WHAT YOU NEED TO DO
Leave out any pictures and transcribe all other data below exactly.

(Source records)
◆ ◆ ◆ ◆ ◆ ◆ ◆

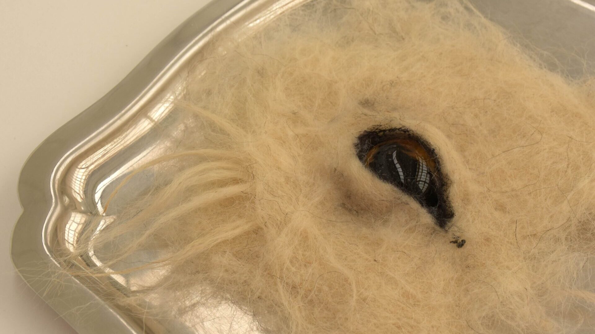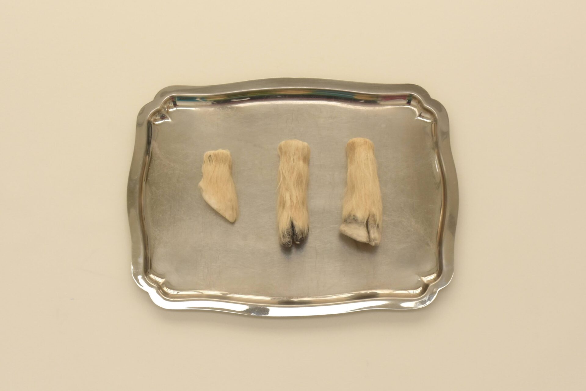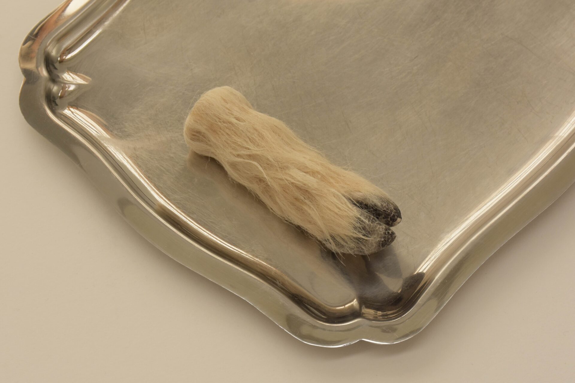 Au terme de cette ébullition artistique et créative, le projet prend la forme d’une installation artistique. Emilia a fait le choix de créer un espace immersif presque ludique. Sur un sol recouvert de paille, un cube central blanc présente trois assiettes en inox. Chacune d’elles contient des fragments de l’animal, la patte, l’œil et la peau, présentés tels des offrandes religieuses. Sobriété, précision et étrangeté caractérisent l’ensemble. Face à ce dispositif, les réactions sont révélatrices : « Le public était souvent intrigué. Il n’y avait pas forcément de « wow c’est super beau », mais des personnes qui voulaient s’approcher pour comprendre ce qu’elles avaient sous les yeux. » Un étonnement produisant parfaitement l’intention initiale du projet : « Les gens se demandaient surtout pourquoi ce projet-là, alors que ça paraît si simple. »
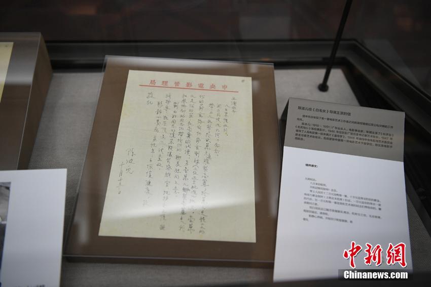 ●長影首度集中公開展出25份電影檔案文獻,圖為陳波兒給《白毛女》導演王濱的信。
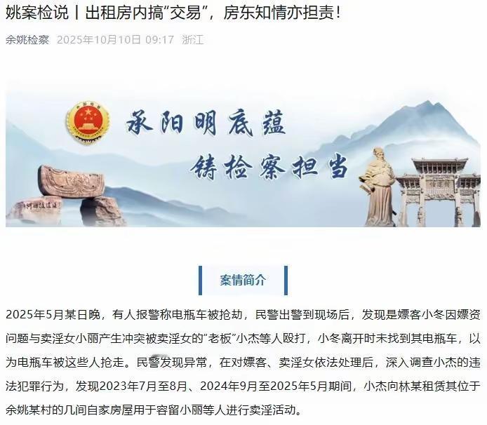 浙江余姚房东林某把自家房出租给小杰,明知对方用房子容留卖淫,不仅不制止,还主动询问是否续租,甚至要求对方“做好日常管理”。最终因一起嫖客报警案,林某的犯罪行为被曝光,被法院以容留卖淫罪判处有期徒刑9个月,罚金1.5万元。本文从案例细节入手,拆解房东“躺赚”背后的法律雷区,教大家如何避开出租房屋的违法陷阱。 一、离谱!嫖客报警牵出“黑房东”,出租自家房竟成犯罪 这事说起来简直像电视剧情节,起因居然是一场“嫖资纠纷”。 2025年5月的一个晚上,浙江余姚民警接到报警,说有人电瓶车被抢。可到了现场一查,哪是什么抢劫?根本是嫖客小冬和卖淫女小丽因为“服务费”吵起来,还被小丽的“老板”小杰等人给揍了。小冬气不过,走的时候没找到自己的电瓶车,就以为被对方抢了,一怒之下报了警。 民警本来是处理治安纠纷,结果越查越不对劲。把小冬、小丽依法处理后,顺着线索深挖小杰的问题,这一挖直接牵出了房东林某。 原来早在2023年7月,林某就把自家村里的几间房租给了小杰。那时候林某就发现不对劲:经常有浓妆艳抹的女人在门口等,还跟不同的男人进进出出。明眼人一看就知道不对劲,林某自己也怀疑小杰是用房子搞“皮肉生意”,但他没管,揣着明白装糊涂,反正房租照收。 结果才一个月,小杰就因为容留卖淫被抓了,林某的房子也没法租了,这事才算暂时告一段落。 可谁能想到,2024年9月,林某在路上碰到刑满释放的小杰,不仅没躲着走,反而主动在微信上问:“要不要再租我的房?”小杰当然求之不得,两人一拍即合,房子又租了出去。 这次林某干脆“摊牌了”——他明明白白知道小杰还在干容留卖淫的勾当,不仅不阻止,还特意叮嘱小杰“做好日常管理”,生怕出岔子影响自己收房租。 直到2025年5月那通“乌龙报警电话”,林某的所作所为彻底暴露。2025年8月,余姚检察院以容留卖淫罪起诉林某,法院最后判了他9个月有期徒刑,还罚了1.5万元。好好的房东不当,非要赚“黑心钱”,最后把自己送进了监狱,简直是得不偿失! 二、法律不饶人!这些“出租房陷阱”,房东千万别踩 很多房东觉得“我把房子租出去,收房租天经地义,租客干什么跟我没关系”,但林某的案例告诉我们:大错特错!一旦租客用你的房子干违法的事,房东知情不报甚至主动配合,很可能一起犯罪。 1. 林某到底错在哪?法律条文说得明明白白 根据《中华人民共和国刑法》第三百五十九条规定:容留他人卖淫的,处五年以下有期徒刑、拘役或者管制,并处罚金;情节严重的,处五年以上有期徒刑,并处罚金。 这里的“容留”,不只是“提供场地”这么简单。像林某这样,一开始怀疑租客卖淫却“不深究”,后来明知对方犯罪还主动续租,甚至要求“做好管理”,已经构成了“故意容留”。哪怕他没直接参与卖淫活动,只要为违法犯罪提供了场地,并且主观上是明知的,就已经触犯了刑法。 检察官在办案时也明确说:林某不是“无辜房东”,他第一次出租时就有怀疑,第二次更是明知故犯,甚至主动联系租客续租,还对“违法活动”提管理要求,主观恶意很明显,完全符合容留卖淫罪的构成要件。 2. 这些“出租房雷区”,90%的房东都可能忽略 除了容留卖淫,房东出租房子时,这些行为也可能违法,一定要警惕: 明知租客搞传销/赌博,还继续出租:有人租房子用来开“传销窝点”,或者组织赌博,房东发现后不制止、不举报,反而继续收房租,可能构成“协助组织传销罪”或“开设赌场罪共犯”。 租客用房子制假售假,房东知情不报:比如有人租民房造假冒名牌、假食品,房东知道后不管不顾,可能被认定为“生产、销售伪劣产品罪共犯”。 不登记租客信息,出事要担责:根据《治安管理处罚法》,房东必须登记租客的姓名、身份证件等信息,还得向公安机关备案。如果不登记,租客出事,房东可能被罚款,甚至拘留。 3. 房东如何避坑?记住这3点准没错 别以为出租房子是“躺赚”,做好这几点才能安心收房租: 1. 租客信息必须登:一定要看租客的身份证,登记姓名、身份证号、联系方式,最好复印留存,按规定向派出所备案,别图省事不登记。 2. 定期看房多留意:租出去后别当“甩手掌柜”,定期去房子附近看看,或者跟邻居打个招呼,留意有没有异常情况(比如频繁换租客、陌生人进出多、半夜吵闹等)。 3. 发现异常立刻退:一旦怀疑租客用房子干违法的事,马上跟租客沟通,要求停止;如果对方不听,立刻解除租赁合同,必要时直接报警,别抱有侥幸心理。 最后想问大家:你觉得林某被判9个月冤吗?如果你是房东,遇到租客有异常情况,会怎么做?欢迎在评论区聊聊你的看法!
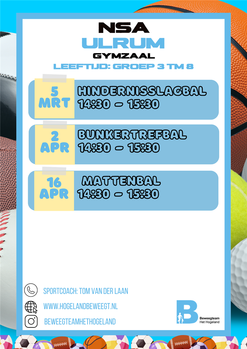 Hierboven staan de NSA activiteiten in Ulrum vermeld! Bij vragen neem contact op met de docent die aangegeven staat bij de inschrijftool.
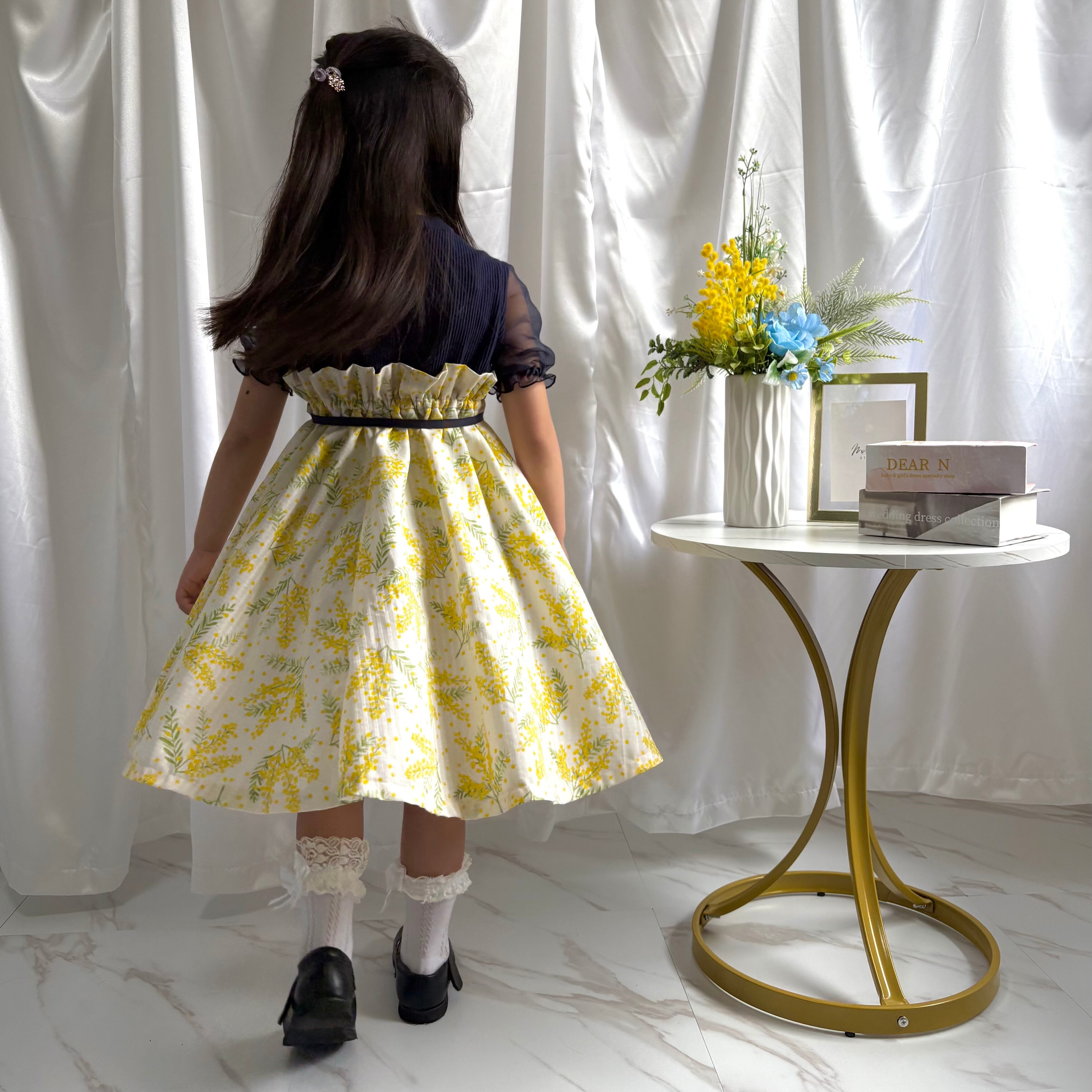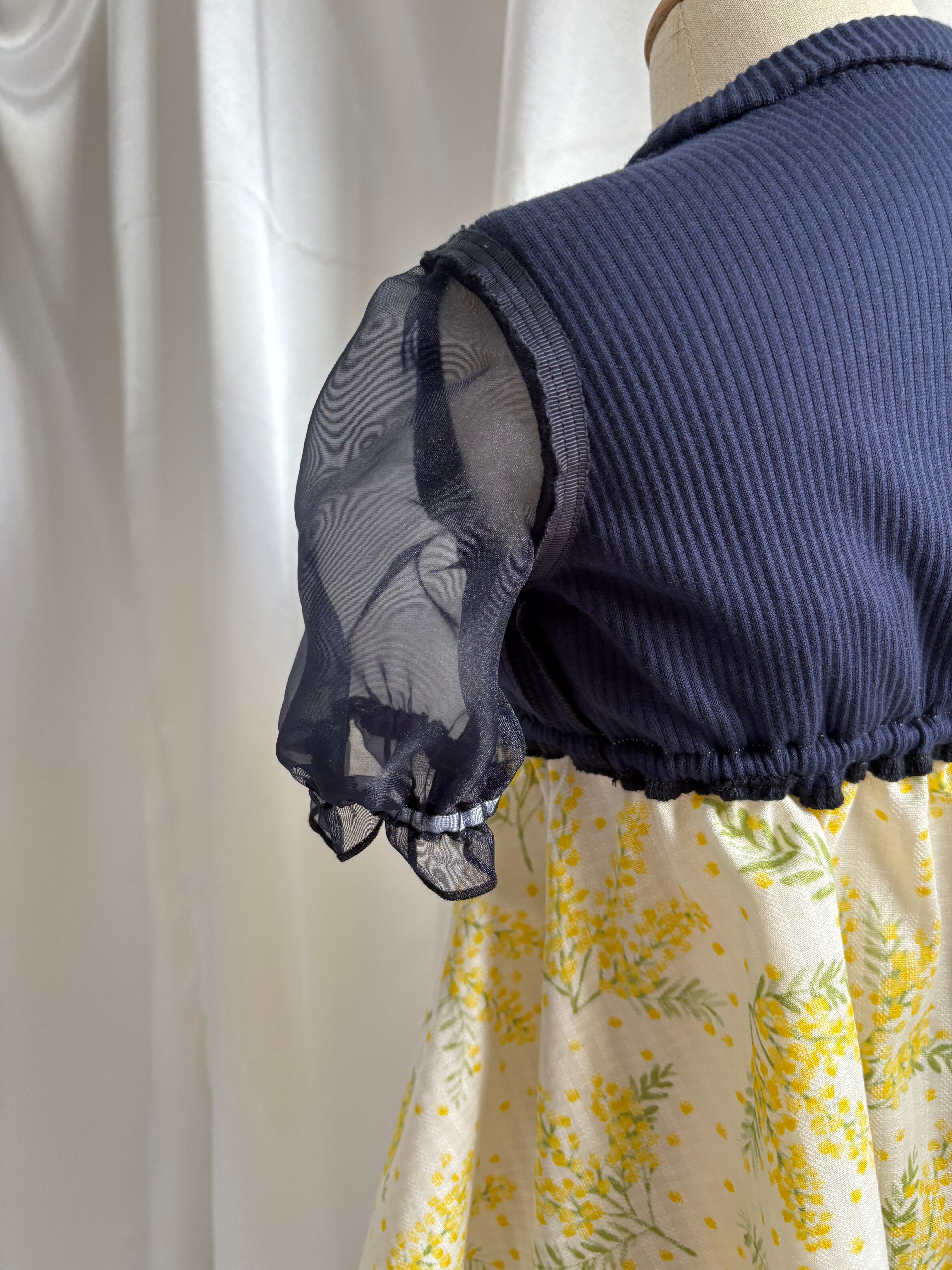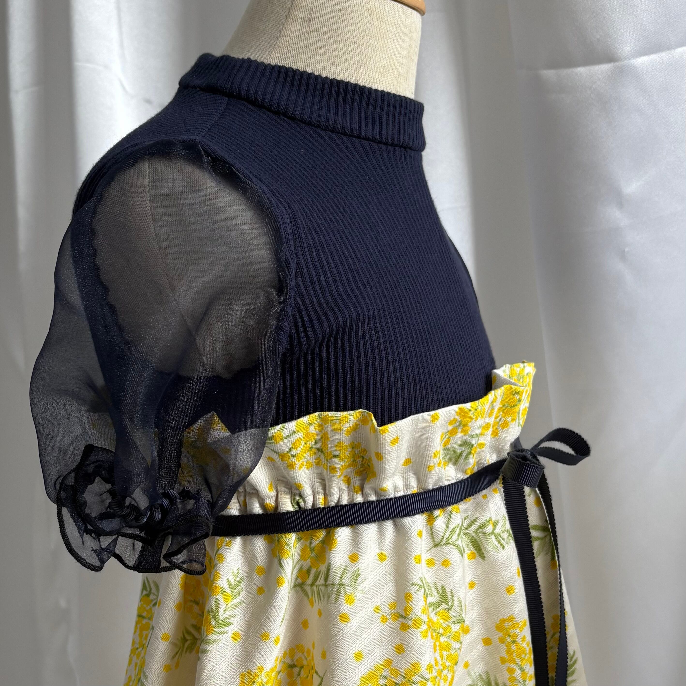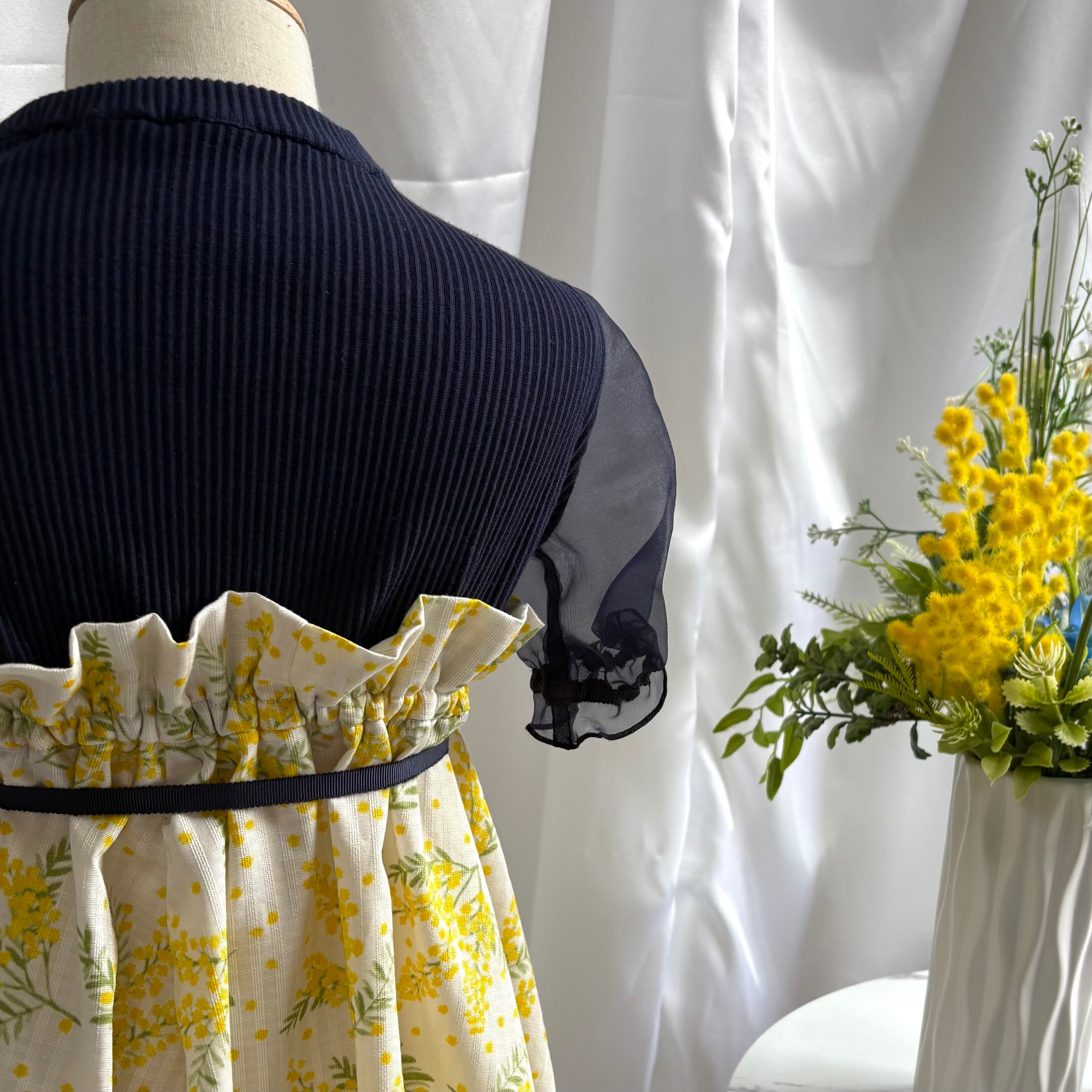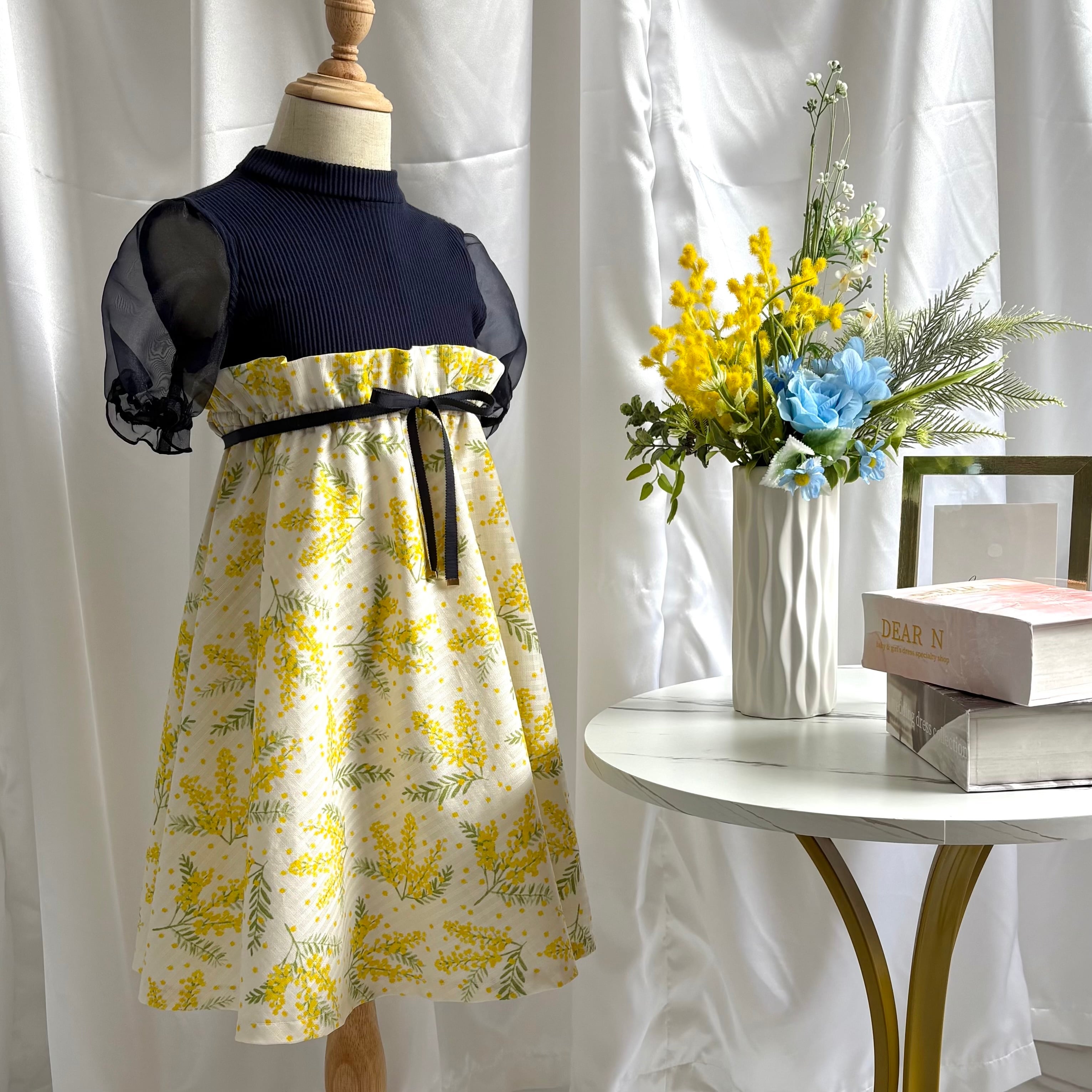ミモザのかわいらしい雰囲気を活かしつつ、まるでブーケのような上品なワンピースに仕上げました。

◆ ◆ ◆ ◆ ◆ ◆ ◆

WRITTEN RESPONSE
 Au terme de cette ébullition artistique et créative, le projet prend la forme d’une installation artistique. Emilia a fait le choix de créer un espace immersif presque ludique. Sur un sol recouvert de paille, un cube central blanc présente trois assiettes en inox. Chacune d’elles contient des fragments de l’animal, la patte, l’œil et la peau, présentés tels des offrandes religieuses. Sobriété, précision et étrangeté caractérisent l’ensemble. Face à ce dispositif, les réactions sont révélatrices : « Le public était souvent intrigué. Il n’y avait pas forcément de « wow c’est super beau », mais des personnes qui voulaient s’approcher pour comprendre ce qu’elles avaient sous les yeux. » Un étonnement produisant parfaitement l’intention initiale du projet : « Les gens se demandaient surtout pourquoi ce projet-là, alors que ça paraît si simple. »
 ●長影首度集中公開展出25份電影檔案文獻,圖為陳波兒給《白毛女》導演王濱的信。
 浙江余姚房东林某把自家房出租给小杰,明知对方用房子容留卖淫,不仅不制止,还主动询问是否续租,甚至要求对方“做好日常管理”。最终因一起嫖客报警案,林某的犯罪行为被曝光,被法院以容留卖淫罪判处有期徒刑9个月,罚金1.5万元。本文从案例细节入手,拆解房东“躺赚”背后的法律雷区,教大家如何避开出租房屋的违法陷阱。 一、离谱!嫖客报警牵出“黑房东”,出租自家房竟成犯罪 这事说起来简直像电视剧情节,起因居然是一场“嫖资纠纷”。 2025年5月的一个晚上,浙江余姚民警接到报警,说有人电瓶车被抢。可到了现场一查,哪是什么抢劫?根本是嫖客小冬和卖淫女小丽因为“服务费”吵起来,还被小丽的“老板”小杰等人给揍了。小冬气不过,走的时候没找到自己的电瓶车,就以为被对方抢了,一怒之下报了警。 民警本来是处理治安纠纷,结果越查越不对劲。把小冬、小丽依法处理后,顺着线索深挖小杰的问题,这一挖直接牵出了房东林某。 原来早在2023年7月,林某就把自家村里的几间房租给了小杰。那时候林某就发现不对劲:经常有浓妆艳抹的女人在门口等,还跟不同的男人进进出出。明眼人一看就知道不对劲,林某自己也怀疑小杰是用房子搞“皮肉生意”,但他没管,揣着明白装糊涂,反正房租照收。 结果才一个月,小杰就因为容留卖淫被抓了,林某的房子也没法租了,这事才算暂时告一段落。 可谁能想到,2024年9月,林某在路上碰到刑满释放的小杰,不仅没躲着走,反而主动在微信上问:“要不要再租我的房?”小杰当然求之不得,两人一拍即合,房子又租了出去。 这次林某干脆“摊牌了”——他明明白白知道小杰还在干容留卖淫的勾当,不仅不阻止,还特意叮嘱小杰“做好日常管理”,生怕出岔子影响自己收房租。 直到2025年5月那通“乌龙报警电话”,林某的所作所为彻底暴露。2025年8月,余姚检察院以容留卖淫罪起诉林某,法院最后判了他9个月有期徒刑,还罚了1.5万元。好好的房东不当,非要赚“黑心钱”,最后把自己送进了监狱,简直是得不偿失! 二、法律不饶人!这些“出租房陷阱”,房东千万别踩 很多房东觉得“我把房子租出去,收房租天经地义,租客干什么跟我没关系”,但林某的案例告诉我们:大错特错!一旦租客用你的房子干违法的事,房东知情不报甚至主动配合,很可能一起犯罪。 1. 林某到底错在哪?法律条文说得明明白白 根据《中华人民共和国刑法》第三百五十九条规定:容留他人卖淫的,处五年以下有期徒刑、拘役或者管制,并处罚金;情节严重的,处五年以上有期徒刑,并处罚金。 这里的“容留”,不只是“提供场地”这么简单。像林某这样,一开始怀疑租客卖淫却“不深究”,后来明知对方犯罪还主动续租,甚至要求“做好管理”,已经构成了“故意容留”。哪怕他没直接参与卖淫活动,只要为违法犯罪提供了场地,并且主观上是明知的,就已经触犯了刑法。 检察官在办案时也明确说:林某不是“无辜房东”,他第一次出租时就有怀疑,第二次更是明知故犯,甚至主动联系租客续租,还对“违法活动”提管理要求,主观恶意很明显,完全符合容留卖淫罪的构成要件。 2. 这些“出租房雷区”,90%的房东都可能忽略 除了容留卖淫,房东出租房子时,这些行为也可能违法,一定要警惕: 明知租客搞传销/赌博,还继续出租:有人租房子用来开“传销窝点”,或者组织赌博,房东发现后不制止、不举报,反而继续收房租,可能构成“协助组织传销罪”或“开设赌场罪共犯”。 租客用房子制假售假,房东知情不报:比如有人租民房造假冒名牌、假食品,房东知道后不管不顾,可能被认定为“生产、销售伪劣产品罪共犯”。 不登记租客信息,出事要担责:根据《治安管理处罚法》,房东必须登记租客的姓名、身份证件等信息,还得向公安机关备案。如果不登记,租客出事,房东可能被罚款,甚至拘留。 3. 房东如何避坑?记住这3点准没错 别以为出租房子是“躺赚”,做好这几点才能安心收房租: 1. 租客信息必须登:一定要看租客的身份证,登记姓名、身份证号、联系方式,最好复印留存,按规定向派出所备案,别图省事不登记。 2. 定期看房多留意:租出去后别当“甩手掌柜”,定期去房子附近看看,或者跟邻居打个招呼,留意有没有异常情况(比如频繁换租客、陌生人进出多、半夜吵闹等)。 3. 发现异常立刻退:一旦怀疑租客用房子干违法的事,马上跟租客沟通,要求停止;如果对方不听,立刻解除租赁合同,必要时直接报警,别抱有侥幸心理。 最后想问大家:你觉得林某被判9个月冤吗?如果你是房东,遇到租客有异常情况,会怎么做?欢迎在评论区聊聊你的看法!
 Hierboven staan de NSA activiteiten in Ulrum vermeld! Bij vragen neem contact op met de docent die aangegeven staat bij de inschrijftool.
ミモザのかわいらしい雰囲気を活かしつつ、まるでブーケのような上品なワンピースに仕上げました。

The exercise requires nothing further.